Король начал свой ответ, и Рэнсом вновь осмелился взглянуть на него. Чета сидела теперь на берегу озера. Свет был так ярок, что отражение было чистым и ясным, как у нас, на Земле.
— Мы воздаем благодарность тебе, кормилица, — говорил Король, — мы благодарим тебя за этот мир, который ты творила много столетий как верная рука Малельдила, чтобы он ждал нас, когда мы проснемся. До сих пор мы не знали тебя. Мы часто гадали, чью же руку видим в высоких волнах и веселых островах, чье дыхание чувствуем в утреннем ветре. Мы были молоды, но мы догадывались, что, говоря: «Это сделал Малельдил», мы говорим правду, но не всю. Мы получили этот мир, и радость наша тем больше, что это и Его подарок, и твой. Чего же Он хочет от тебя теперь?
— Того, чего захочешь ты, Тор-Уарса, — ответила Переландра. — Я могу уйти в Глубокие Небеса, а могу быть и здесь, в твоем мире.
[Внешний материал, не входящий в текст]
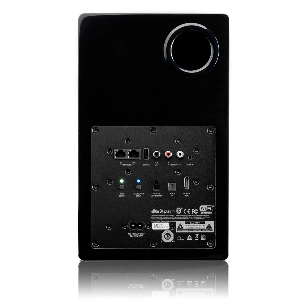 - Line Level, Optical, 3,5 mm Aux và Ethernet để kết nối với nhiều loại thiết bị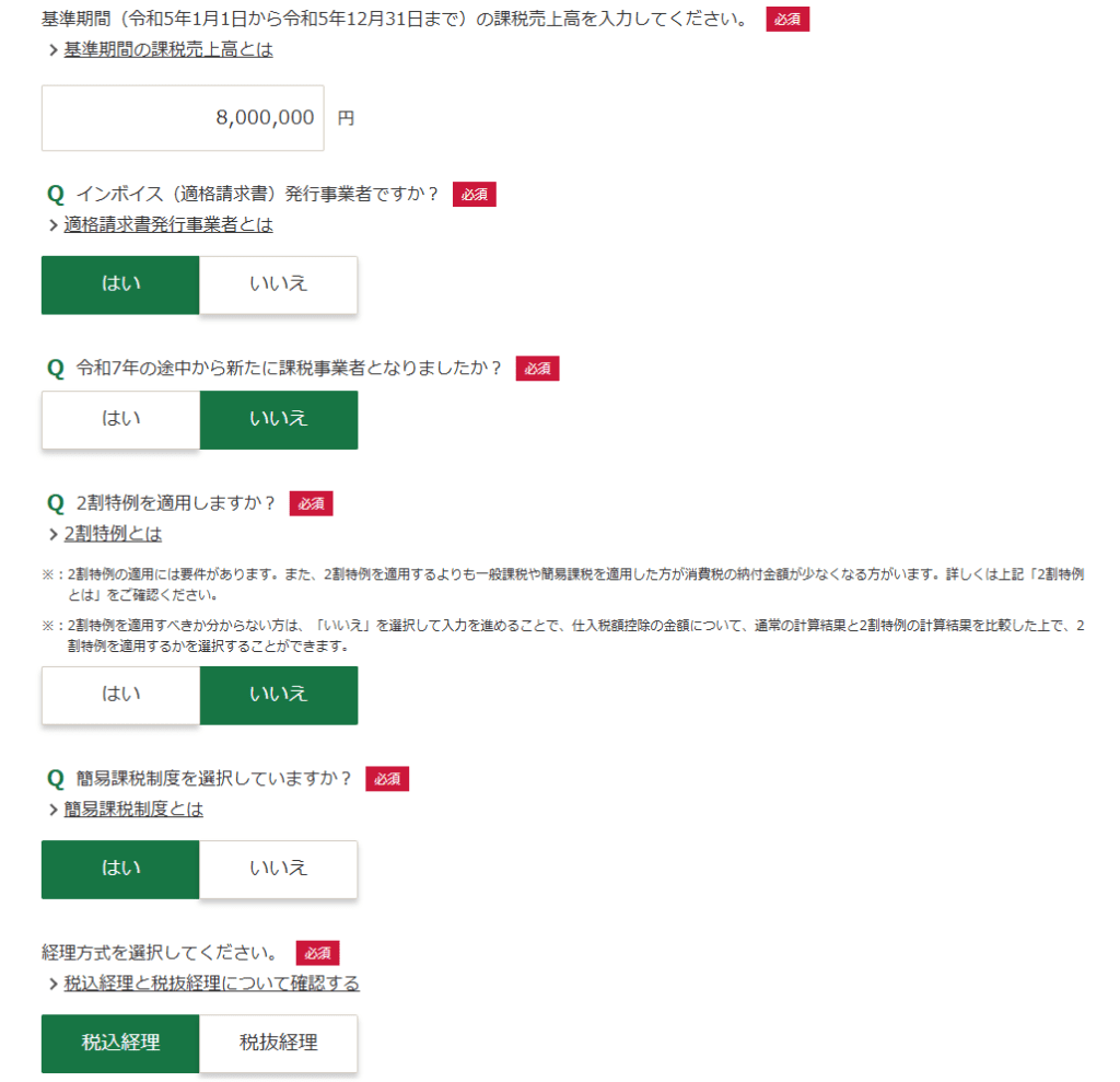 簡易課税が2割特例か判断できない場合でも、「2割特例を適用しますか?」で「いいえ」を選択すると有利か不利かを判定してもらえます。

— Я хочу, чтобы ты осталась с нами, — сказал Король, — и ради той любви, которую мы к тебе питаем, и ради тех советов, которыми ты укрепишь нас. Наш мир совершит еще много оборотов вокруг Арбола, прежде чем мы сумеем по-настоящему править землей, врученной нам Малельдилом. Пока еще мы не можем вести этот мир в небе, управлять дождем и ветром. Если тебе не трудно, останься.
— Я очень рада, — ответила Переландра.
Беседа продолжалась, а Рэнсом все дивился тому, что разница между людьми и эльдилами не нарушает дивного лада. Вот чистые, хрустальные голоса и неподвижные мраморные лица; вот плоть и кровь, улыбка на устах, сиянье глаз, мощь мужских плеч, чудо женской груди, слава мужества и полнота женственности, неведомые на Земле. И все же, когда они рядом, ангелы не призрачны, люди — преисполнены животной, плотской жизни. Он вспомнил старое определение человека — «разумное животное». Только теперь он увидел жизнь, наделенную разумом. Он увидел Рай, он увидел Короля с Королевой, и они разрешили противоречие, стали мостом через бездну, замковым камнем в своде творенья. Они вошли в эту долину, и сомкнулась цепь — теплое животное тело зверей, стоявших у него за спиной, и бестелесный разум ангелов, стоявших перед ним. Они замкнули круг, и разрозненные ноты мощи и красоты зазвучали единой мелодией. Теперь говорил Король.
— Это не только дар Малельдила, но и твой, — сказал он. — Малельдил дает его через тебя и еще через одного посредника, и потому этот дар вдвое, нет — втрое прекраснее и богаче. И вот мой первый указ, первое слово Уарсы: до тех пор, пока стоит наш мир, каждое утро, каждый вечер и мы, и все дети наши будем говорить Малельдилу о Рэнсоме с Тулкандры, напоминать о нем друг другу и хвалить. Ты, Рэнсом, назвал нас Господином и Госпожой, Отцом и Матерью. Верно, это — наши имена. Но в ином смысле мы назовем тебя Отцом и Господином. Малельдил послал тебя в наш мир, когда кончилась наша юность, и теперь мы пойдем дальше, вверх или вниз, к гибели или к совершенству. Малельдил привел нас туда, куда пожелал, но главным Его орудием был ты.